Второй воздушный замок, или поэма, на одну и ту же тему: вступление то же самое, сцена в Москве та же самая, но вместо смоленской дороги выбрана петербургская железная, и я в Петербурге, в скромной квартире о двух комнатах, изучаю искусство гравирования акватинта и ожидаю к себе тебя, моего искренного друга. Ты приехал, живем мы с тобою скромно, почти бедно, в маленьких комнатках, неутомимо работаем, учимся и наслаждаемся своим учением.

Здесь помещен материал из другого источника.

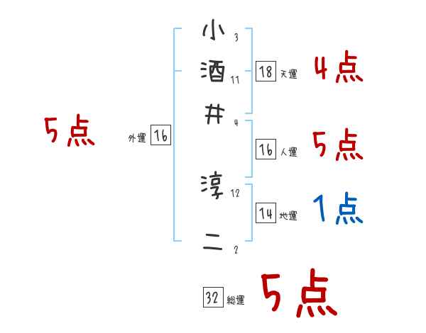 外運![]() | 小酒井淳二さんの外運は16画の5つ星!人望が厚く大きく発展する。逆転成功が見える。 生活面を象徴する運勢です。外部から受ける影響力を表し、結婚運、家庭運や職場、環境への順応性を表します。 |

Два года пролетают незаметно над нами, и мы, ежели не полные, по крайней мере сознательные артисты, через Вильно и Слуцк возвращаемся в Рачкевичи, целуем твою мать, отца, сестер и карооких и голубооких сыновцев твоих.
Вторая моя поэма немного прозаичная, но в сущности полнее первой. Так или иначе, а ты должен быть в Академии Художеств или будет прореха, не зашитая дыра в твоей и в моей жизни. Недостаточно видеть, любоваться прекрасным, умным, добрым челом человека, необходимо нарисовать его на бумаге и любоваться им, как созданием живого бога. Вот что нужно для полноты нашей радости, для полноты нашей жизни!
Позыч, выпроси 25 рублей на месяц, в продолжение двух лет. Как знаешь, сделай, только сделай; это для тебя и даже для меня необходимо: для меня потому, что я желаю видеть и целовать моего друга совершенного, а для твоего совершенства необходима Академия Художеств. Без разумного понимания красоты человеку не увидеть всемогущего бога в мелком листочке малейшего растения. Ботанике и зоологии необходим восторг, а иначе ботаника и зоология будет мертвый труп между людьми. А восторг этот приобретается только глубоким пониманием красоты, бесконечности, симметрии и гармонии в природе. О, как бы мне хотелось теперь поговорить с тобою о космосе и послушать, как ты читаешь песни Вайделоты!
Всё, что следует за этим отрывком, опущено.